Creating a Bee-Safe Garden

Creating a Bee-Safe Garden

Gardeners spend countless hours striving to protect their plantings from all manner of harmful grubs and beetles to aphids, cutworms, mealybugs, and countless other unwelcome pests. Some of the most familiar and widespread insects – bees – ought to be welcomed and celebrated in the garden, but they can be inadvertently excluded and even harmed by those same pest control techniques. Creating a bee-safe garden doesn’t have to be difficult, however, and the more bee-friendly a garden is, the more both these beneficial insects and the garden will thrive.

Bees Are Excellent Garden Helpers

There are thousands of bee species around the world, and there are more than 4,000 species of bees in North America alone. Many types of bees are helpful in the garden, pollinating flowering trees and shrubs, flowers, herbs, fruits, and vegetables. With bees’ help, plants will produce more seeds, creating more bountiful crops and more beautiful flowerbeds, with no need for tedious hand-pollination or other artificial assistance.

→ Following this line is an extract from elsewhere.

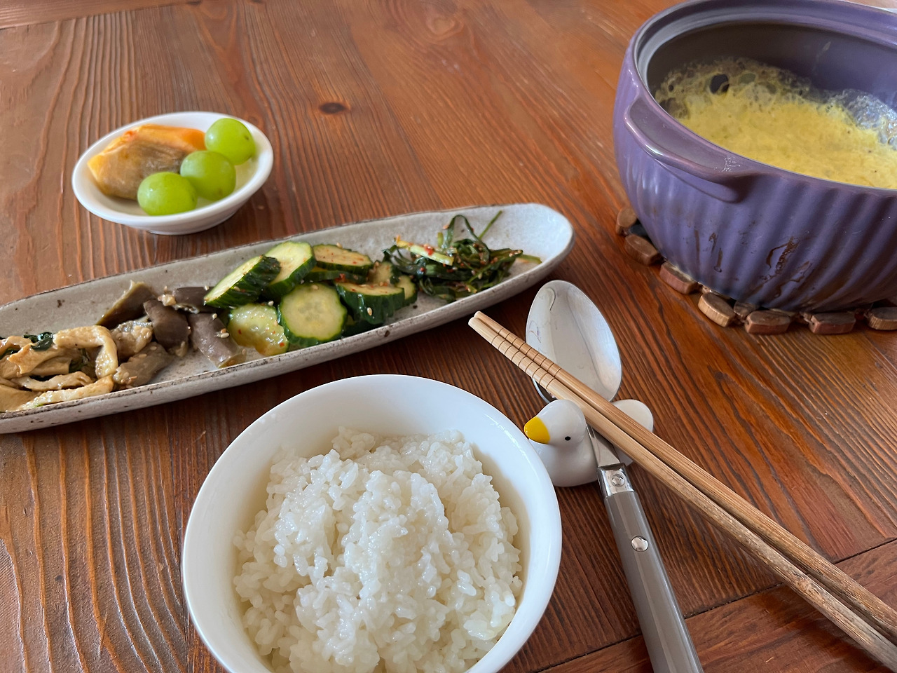 어묵볶음, 오이생채, 가지나물 3종 세트. 어젯밤 폭식 후 오늘 오전 몸무게는 1kg 증가. 역시 먹는 대로 찐다. 정직한 몸처럼 우리 가정의 재정 상태는 마이너스! 책도, 굿즈도, 문구류도 사서 안 되는 상황이건만 연휴 전후로 펀딩부터 노벨문학상 수상자의 대표작까지 아름아름 많이도 저질렀다.

Tips for a Bee-Safe Garden

There are many ways to attract and welcome bees to your garden, no matter what you grow, how big a plot you cultivate, or when you hope to harvest. To make your garden more bee-friendly…

  • Plant Bees’ Favorite Flowers While most flowers will help support bees, blooms that produce larger amounts of pollen and nectar are more attractive to these beneficial insects. Coneflower, clover, cosmos, poppies, marigolds, and zinnias are great for bees, as are popular flower herbs like oregano and rosemary. Choose native flowers whenever possible, and avoid extreme cultivars that may be bred for extra petals or showy colors at the expense of pollen and nectar.
  • Place Flowers Throughout Your Garden No matter which flowers you choose to help bees, adding those flowers in different spots throughout your garden will bring these insects right to where you need their pollination the most. Adding flowers at the corners of your garden, between types of plants, or just in different spots on each row will not only help bees explore all your garden space, but will add unexpected dashes of color to your garden landscape.
  • Choose Plants for All-Season Blooming The longer trees, vines, shrubs, and flowers are blooming in your yard, the more bees will be able to make use of the plants. Stagger planting times to ensure ongoing bloom cycles, and choose plants that bloom early and late in the spring and fall so bees will have a reliable source of pollen and nectar throughout the year. This will also ensure plenty of pollination in your garden no matter what crops you plant or when they sprout.
  • Provide Water Bees Can Access Bees need water just as much as any other wildlife, but they will easily drown in deep dishes, basins, and bird baths. For a bee-safe water source, use a shallow dish and fill it with river rocks, marbles, pebbles, or large gravel, ensuring that the filler breaks the water’s surface. This will provide bees with plenty of access points to drink without getting stuck in deeper puddles.
  • Preserve Bee Nesting Areas Many bees nest in underground burrows or piles of brush. Providing suitable nesting sites in your garden can keep bees nearby, so let fallen logs and old snags stay in place, and don’t trim back every bush, stem, or twig that bees might find shelter in. Leave some leaf litter intact in sheltered areas, and consider adding a bee house to your yard for read-made shelter.
  • Go Vertical With Plantings Give your local bees even more space and food by going vertical with your garden space. Grapevines, peas, tomatoes, pole beans, and many other popular plants and flowering vines will easily climb a trellis or other support. This allows you have more bee-friendly planting space even in tiny gardens, on a balcony, or along a side yard.
  • Minimize Pesticides The strongest pesticides are effective not only on the damaging insects they target, but can also wipe out bee populations. Reducing or completely eliminating pesticides in your garden will be more welcoming to bees. Also check which pesticides any seeds or seedlings have been treated with before you plant, to be sure they’re bee-friendly.

Get to Know Bees

One of the best ways to make your garden bee-friendly is to get to know your local bees. Understand their needs and behaviors and learn to live happily side by side with bees, and you’ll start to notice how very helpful they are in the garden and landscape. Consult with local beekeepers, garden centers, and nurseries for more tips, and support local honey retailers to encourage even more bees in your area. By supporting bees in a number of welcoming ways, your garden will soon be buzzing with their helpful activity!